Joaquín Mª Aguirre Romero (UCM)
Conquistamos un imperio porque nos sentíamos amenazados.
Primero fueron nuestros vecinos del norte. Nunca habían sido
agresivos, pero eran una amenaza. Nos inquietaba saber que si ellos lo hubieran
deseado nos habrían acorralado contra el mar. Solo pensar que podrían arrojarnos
a las embravecidas aguas de este mar color vino nos resultaba insoportable.
Muchos de nuestros hombres sabios se opusieron; dijeron que era una locura
invadir a nuestros vecinos después de cientos de años de convivencia pacífica.
Pero cuando la desconfianza se ha adueñado de nuestros corazones, ya no es
posible que la mirada se dirija a las montañas sin que el puño se aferre a la
espada. Ya no ves un paisaje, las montañas en las que habitaron nuestros
dioses, sino el camino por el que ha de llegar la muerte en una noche sin luna.
La sorpresa fue determinante en nuestra aplastante victoria.

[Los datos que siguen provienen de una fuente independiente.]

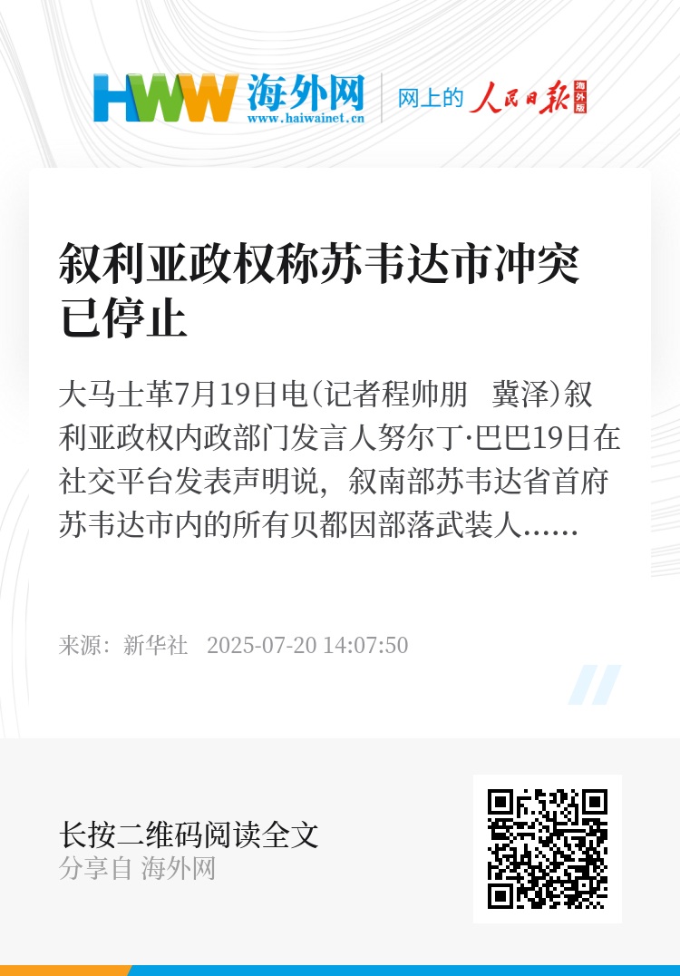 13日以来,苏韦达省德鲁兹武装派别与贝都因部落爆发激烈冲突,叙政权和以色列相继介入。叙利亚政权19日宣布实施全面立即停火,并开始在苏韦达省部署安全部队。

No nos esperaban y sus caras reflejaron la incredulidad hasta el momento mismo
en que nuestros aceros cortaron sus gargantas. Tras la masacre, pudimos
respirar tranquilos, dormir con la confianza en que nuestros enemigos no se
abalanzarían sobre nosotros durante el descanso. Nuestros hijos pudieron jugar
sin temor y nuestras mujeres tejieron nuevas túnicas para sustituir las que
habían quedado manchadas de sangre.
Tuvimos un periodo de paz y nuestros enemigos se
convirtieron en nuestros esclavos. Uno de los exploradores que había cabalgado
hasta los nuevos confines de nuestra patria nos contó que, tras otras montañas
lejanas, existía un pueblo desconocido. Traía un caballo cargado con los
presentes que nos enviaban como salutación. Agradecimos aquella muestra de
afecto colgando sus telas en las puertas de nuestro templo y guardamos sus
joyas junto a los tesoros reales.
Pero la visión de aquellas telas movidas por el viento
despertó en nosotros el recelo. Nos parecían las banderas orgullosas que ondean
tras la conquista. Nada nos indujo a pensar así, pero de nuevo llegaron las
noches de insomnio, la preocupación por nuestros hijos y esposas. ¿Cómo salir
tranquilos de nuestras ciudades sabiendo que en cualquier momento podríamos ser
invadidos por los que vivían al otro lado de nuestras fronteras?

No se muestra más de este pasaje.